Let’s Get High: Will Marijuana Ever Be Legal In Canada?

Ask most teenagers, and 20-somethings these days and they will tell you that smoking weed is just as commonplace as drinking. Most people have at least tried it, and a lot of the time it isn’t the ominous gateway drug experience that police officers, teachers, and public service announcements make it out to be. Weed is considered similar to alcohol in that it can be enjoyed in moderation, rather than a hard drug that can ruin your life.

Several polls since 2003 have found the majority of Canadians agree with the statement “the use of marijuana should be decriminalized” but Prime Ministers Jean Chretien and Paul Martin were both unsuccessful in their attempts to pass bills to make that a reality. One of the main roadblocks was America’s DEA threatening to increase security at border crossing if the bill was passed.

The 2000 case R v. Parker was a landmark decision in relation to use of medical marijuana. The Court found that the prohibition of marijuana was unconstitutional because it did not contain any exception for medical use. Marijuana is seen as an effective drug in managing symptoms of illnesses like epilepsy, cancer, HIV, Alzheimer’s, and many more. It is currently legal in Canada for individuals suffering from chronic illness to be in possession of marijuana, as long as they have a legitimate prescription.

Under Health Canada’s Marijuana for Medical Purpose Regulations (MMPR,) which came into effect on March 31, 2014, the decision to use marijuana for medical purposes is now between a doctor and a patient. Before the new regulations went into effect, patients had a choice between growing their own weed, buying it from a private grower, or purchasing it from Health Canada. But now, the only (legal) option is to purchase it from approved commercial growers. The change has increased the cost of marijuana significantly, making it difficult for some people to continue using it.

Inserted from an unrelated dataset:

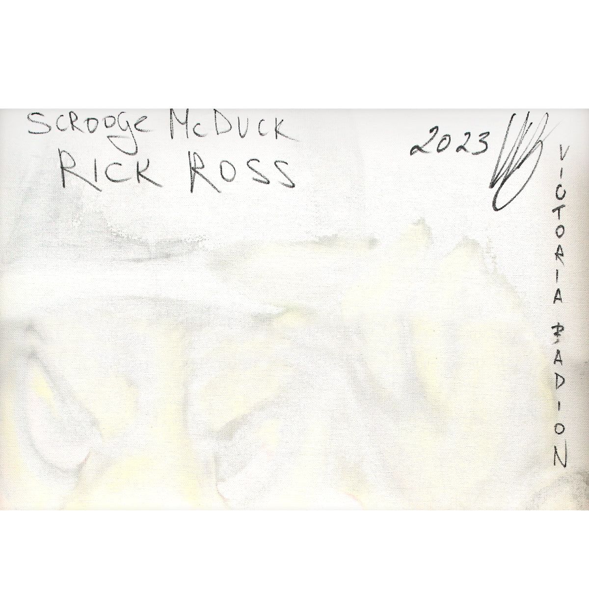 Artist: Viqa. Medium: Original Oil on Canvas with Collage. Title: Scrooge McDuck/ Rick Ross. Size: 27" x 20". Measures approx. 29" x 22" (framed). Signature: Hand signed by the artist. Certificate of Authenticity: Is included. Reference#: 37514.

All of the current parties in Canada, expect for the Conservatives, are in favour of decriminalizing or legalizing marijuana in some form. Justin Trudeau, the leader of the Liberal party, in particular, has been vocal about his view that Canada would benefit from the legalization of marijuana. With a federal election scheduled for October of this year, marijuana legislation could end up being a huge part of every party’s campaign strategy. 

We are probably a long way from the government seeing recreational weed use as nothing to worry about, but that doesn’t really stop thousands of people from smoking it occasionally, anyway. It isn’t hard to find if you want it. Just take a stroll through a park like Trinity Bellwoods in Toronto on a sunny day, and you’ll come across plenty of options. The ironic thing is it’s actually harder for people with a legitimate medical reason to get weed, than it is for someone who just wants to take the occasional bong hit, or whip up some special brownies.

Of course, sufferers of chronic illness need quality marijuana on a consistent basis, while your average stoner will probably still be able to function without it. Would it be nice if you could just go into the corner store and pick up a gram? Sure, but even if it does get legalized in the next decade, it is going to be a lot more complicated than just suddenly having pot available on the shelf at your local convenience store.

It may take awhile but the future seems to be headed towards the 100% legalization of marijuana. Just think, eventually weed-infused cooking will replace gluten-free as the new trending diet. You’ll be able to bring pot brownies to your next work function, and instead of that aunt that always drinks too much wine at family gatherings, she’ll be the stoner aunt with the sweet vaporizer. What could possibly be so bad about that?